[ 
https://issues.apache.org/jira/browse/YARN-11819?page=com.atlassian.jira.plugin.system.issuetabpanels:all-tabpanel
 ]

Abhey Rana updated YARN-11819:
------------------------------
    Description: 
We observed in our production environment that the jobs submitted with a RM 
delegation token were continually failing to start.

Upon further investigation we figured out the following Stack Trace as the 
culprit -
{code:java}
java.io.IOException: Failed to renew token: Kind: HDFS_DELEGATION_TOKEN, 
Service: ha-hdfs:prod-EMPTY-hbase4a, Ident: (token for xyz: 
HDFS_DELEGATION_TOKEN 
owner=hbase/hbase-dnds1-1-abc.ops.xyz....@hbase-abc.app.xyz.net, renewer=xyz, 
realUser=, issueDate=1744651400720, maxDate=1745256200720, 
sequenceNumber=2575348, masterKeyId=790)
        at 
org.apache.hadoop.yarn.server.resourcemanager.security.DelegationTokenRenewer.handleAppSubmitEvent(DelegationTokenRenewer.java:533)
        at 
org.apache.hadoop.yarn.server.resourcemanager.security.DelegationTokenRenewer.access$1800(DelegationTokenRenewer.java:83)
        at 
org.apache.hadoop.yarn.server.resourcemanager.security.DelegationTokenRenewer$DelegationTokenRenewerRunnable.handleDTRenewerAppSubmitEvent(DelegationTokenRenewer.java:1067)
        at 
org.apache.hadoop.yarn.server.resourcemanager.security.DelegationTokenRenewer$DelegationTokenRenewerRunnable.run(DelegationTokenRenewer.java:1044)
        at 
java.util.concurrent.Executors$RunnableAdapter.call(Executors.java:511)
        at java.util.concurrent.FutureTask.run(FutureTask.java:266)
        at 
java.util.concurrent.ThreadPoolExecutor.runWorker(ThreadPoolExecutor.java:1149)
        at 
java.util.concurrent.ThreadPoolExecutor$Worker.run(ThreadPoolExecutor.java:624)
        at java.lang.Thread.run(Thread.java:750){code}
We took a look at the code and figured out that as part of the 
handleAppSubmitEvent we do catch the IOException and do request a 
DelegationTokenRefresh but we only do that for 
DelegationTokenRenewerAppRecoverEvent

Code Pointer - 
{code:java}
            if (ioe instanceof SecretManager.InvalidToken
                && dttr.maxDate < Time.now()
                && evt instanceof DelegationTokenRenewerAppRecoverEvent
                && token.getKind().equals(HDFS_DELEGATION_KIND)) {
              LOG.info("Failed to renew hdfs token " + dttr
                  + " on recovery as it expired, requesting new hdfs token for "
                  + applicationId + ", user=" + evt.getUser(), ioe);
              requestNewHdfsDelegationTokenAsProxyUser(
                  Arrays.asList(applicationId), evt.getUser(),
                  evt.shouldCancelAtEnd());
              continue;
            }{code}
The idea is to add a or statement in the event check.

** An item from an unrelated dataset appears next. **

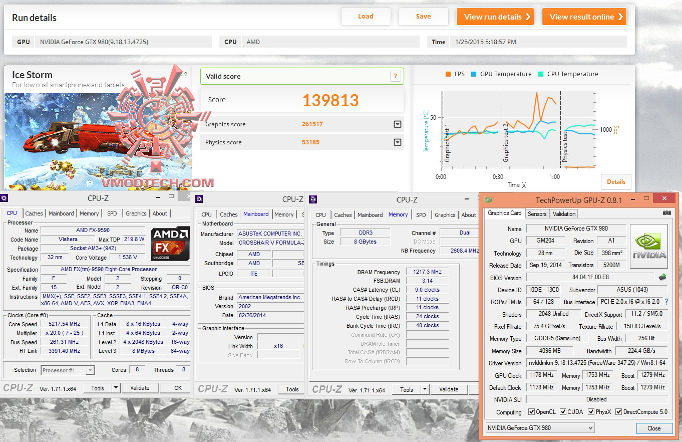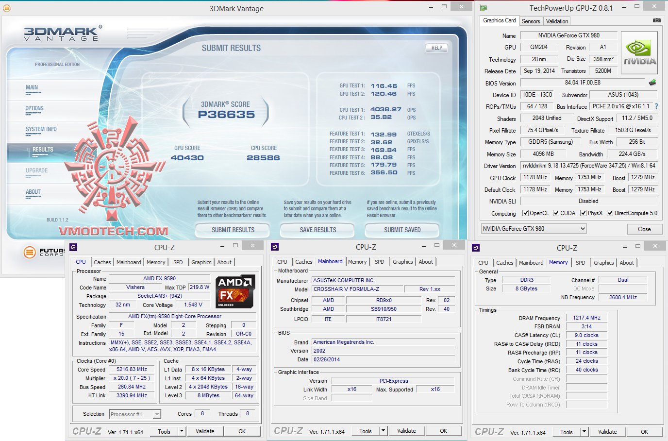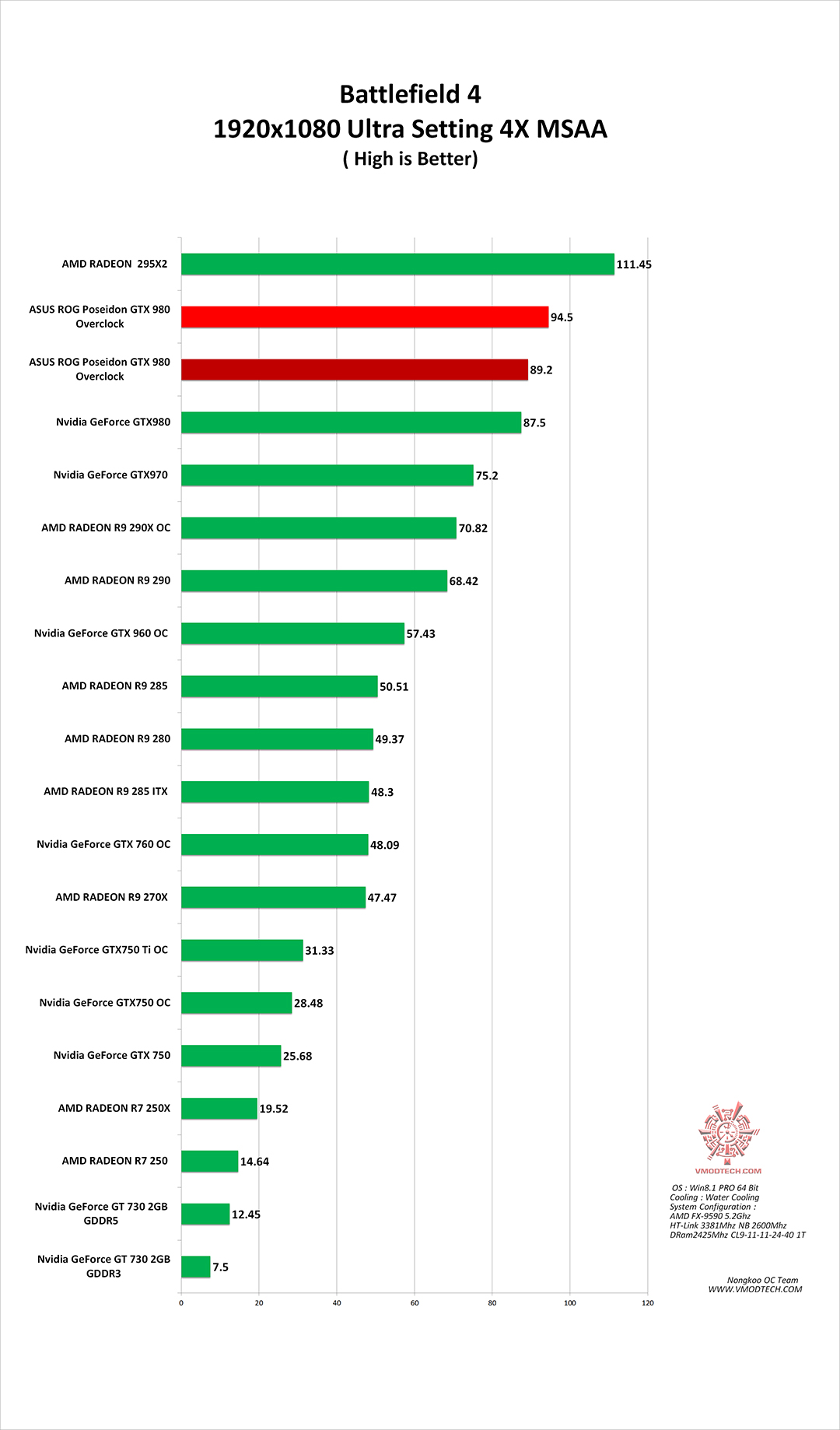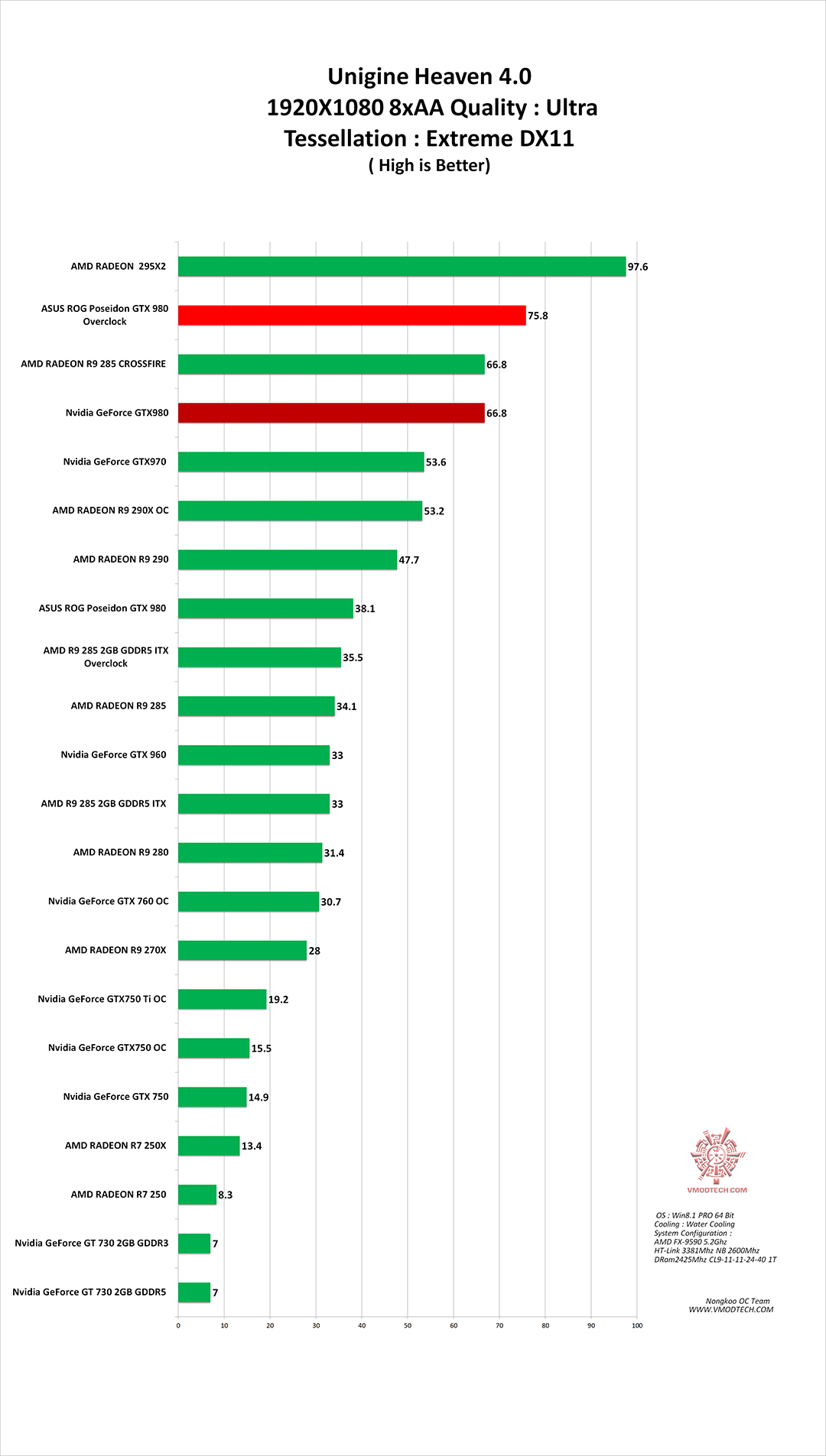 ก็มาถึงช่วงท้ายกันครับสำหรับการทดสอบ ASUS ROG Poseidon GTX 980 ที่วันนี้ทำประสิทธิภาพความแรงได้แบบเต็มประสิทธิภาพทั้งในสถานะเดิมๆและโอเวอร์คล๊อกโดยโอเวอร์คล๊อกใช้งานกันแบบเต็มๆที่ Core 1364Mhz Memory 2006Mhz Boost 1465Mhz ส่วน GPU Boost นั้นจะอยู่ที่ 1502Mhz ตลอดการทดสอบอีกทั้งยังกดกันแบบเต็มๆที่ความเร็ว Core 1403Mhz Memory 2006Mhz Boost 1504Mhz กันแบบเต็มๆ โดย GPU Boost อยู่ที่ 1540Mhz กันแบบเต็มๆ ถือได้ว่าแรงตามมาตรฐานของ ASUS ROG ที่พกพาทั้งความแรงรวมไปถึงประสิทธิภาพการโอเวอร์คล๊อกขั้นเทพฯ อีกทั้งบรรดาวัสดุอุปกรณ์ต่างๆที่เน้นมาตรฐานไม่ว่าจะเป็น DIGI+ VRM with 10-phase Super Alloy Powerคุณภาพสูงขึ้นอีก 30% และมีความคงทนเพิ่มขึ้นอีก 2.5 เท่า รวมทั้ง Japanese-made black metallic capacitors มีความคงทนต่อุณหภูมิสูงดีขึ้นอีก 20% และมีอายุการใช้งานที่ยาวนานขึ้นอีก 5 เท่า ให้มาแบบเต็มๆ โดยจุดเด่นสำหรับ ASUS ROG Poseidon GTX 980 ที่ขาดไม่ได้คือระบบระบายความร้อนที่วันนี้ผ่านการทดสอบทุกอย่างไม่ว่าจะเป็นการกดกันเต็มๆด้วยโปรแกรม Furmark ที่อุณหภูมิฟูลโหลดอยู่เพียงแค่ 48องศาฯเท่านั้นเองครับ ส่วนในการเทสใช้งานโปรแกรม 3D ต่างๆรวมไปถึงการทดสอบเล่นเกมส์ต่างๆแบบเปิดกันสุดๆความร้อนก้ไม่เกิน 50องศาฯครับถือว่าเย็นจัดมากๆกับการ์ดจอในรุ่นใหญ่สุดแบบนี้ เรียกได้ว่าทั้งแรงทั้งเย็นครบเครื่องบรรดาขาโอเวอร์คล๊อกและคอเกมส์เมอร์ตามแบบฉบับ ROG ซีรี่ย์กันเลยทีเดียว เหมาะสำหรับบรรดาเกมส์เมอร์ขาแรงที่ต้องการความแรงดุดันสวยงามรวมไปถึงระบบระบายความร้อนขั้นเทพฯจาก ASUS DirectCU H2O รับรองว่า ASUS ROG Poseidon GTX 980 ไม่ทำให้ท่านผิดหวังแน่นอน โดยราคาวางจำหน่ายในไทยก็ตกอยู่อยู่ราวๆ 2XXXXบาทครับ สำหรับในวันนี้กระผมก็ขอตัวลาไปก่อน พบกันใหม่เร็วๆนี้กับรีวิวอุปกรณ์ใหม่ๆจัดเต็มทุกการทดสอบที่ Vmodtech.com สวัสดีครับ

evt instanceof DelegationTokenRenewerAppRecoverEvent || evt instanceof 
DelegationTokenRenewerAppSubmitEvent

 

  was:
We observed in our production environment that the jobs submitted with a RM 
delegation token were continually failing to start.

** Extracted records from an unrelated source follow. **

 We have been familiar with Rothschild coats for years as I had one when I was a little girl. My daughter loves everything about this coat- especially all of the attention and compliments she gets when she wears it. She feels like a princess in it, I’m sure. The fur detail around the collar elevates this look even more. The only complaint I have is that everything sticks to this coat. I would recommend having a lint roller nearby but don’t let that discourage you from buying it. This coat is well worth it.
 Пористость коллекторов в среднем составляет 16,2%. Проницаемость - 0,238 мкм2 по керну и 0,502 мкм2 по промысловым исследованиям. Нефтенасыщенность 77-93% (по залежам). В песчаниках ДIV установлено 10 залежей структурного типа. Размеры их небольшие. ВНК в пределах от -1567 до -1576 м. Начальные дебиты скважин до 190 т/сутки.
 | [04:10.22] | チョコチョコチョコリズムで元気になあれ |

Upon further investigation we figured out the following Stack Trace as the 
culprit -
{code}
java.io.IOException: Failed to renew token: Kind: HDFS_DELEGATION_TOKEN, 
Service: ha-hdfs:prod-EMPTY-hbase4a, Ident: (token for sfdc: 
HDFS_DELEGATION_TOKEN 
owner=hbase/hbase4a-dnds1-86-ia7.ops.sfdc....@hbase4a-ia7.app.sfdc.net, 
renewer=sfdc, realUser=, issueDate=1744651400720, maxDate=1745256200720, 
sequenceNumber=2575348, masterKeyId=790)
        at 
org.apache.hadoop.yarn.server.resourcemanager.security.DelegationTokenRenewer.handleAppSubmitEvent(DelegationTokenRenewer.java:533)
        at 
org.apache.hadoop.yarn.server.resourcemanager.security.DelegationTokenRenewer.access$1800(DelegationTokenRenewer.java:83)
        at 
org.apache.hadoop.yarn.server.resourcemanager.security.DelegationTokenRenewer$DelegationTokenRenewerRunnable.handleDTRenewerAppSubmitEvent(DelegationTokenRenewer.java:1067)
        at 
org.apache.hadoop.yarn.server.resourcemanager.security.DelegationTokenRenewer$DelegationTokenRenewerRunnable.run(DelegationTokenRenewer.java:1044)
        at 
java.util.concurrent.Executors$RunnableAdapter.call(Executors.java:511)
        at java.util.concurrent.FutureTask.run(FutureTask.java:266)
        at 
java.util.concurrent.ThreadPoolExecutor.runWorker(ThreadPoolExecutor.java:1149)
        at 
java.util.concurrent.ThreadPoolExecutor$Worker.run(ThreadPoolExecutor.java:624)
        at java.lang.Thread.run(Thread.java:750){code}

We took a look at the code and figured out that as part of the 
handleAppSubmitEvent we do catch the IOException and do request a 
DelegationTokenRefresh but we only do that for 
DelegationTokenRenewerAppRecoverEvent

Code Pointer - 
{code:java}
            if (ioe instanceof SecretManager.InvalidToken
                && dttr.maxDate < Time.now()
                && evt instanceof DelegationTokenRenewerAppRecoverEvent
                && token.getKind().equals(HDFS_DELEGATION_KIND)) {
              LOG.info("Failed to renew hdfs token " + dttr
                  + " on recovery as it expired, requesting new hdfs token for "
                  + applicationId + ", user=" + evt.getUser(), ioe);
              requestNewHdfsDelegationTokenAsProxyUser(
                  Arrays.asList(applicationId), evt.getUser(),
                  evt.shouldCancelAtEnd());
              continue;
            }{code}

The idea is to add a or statement in the event check.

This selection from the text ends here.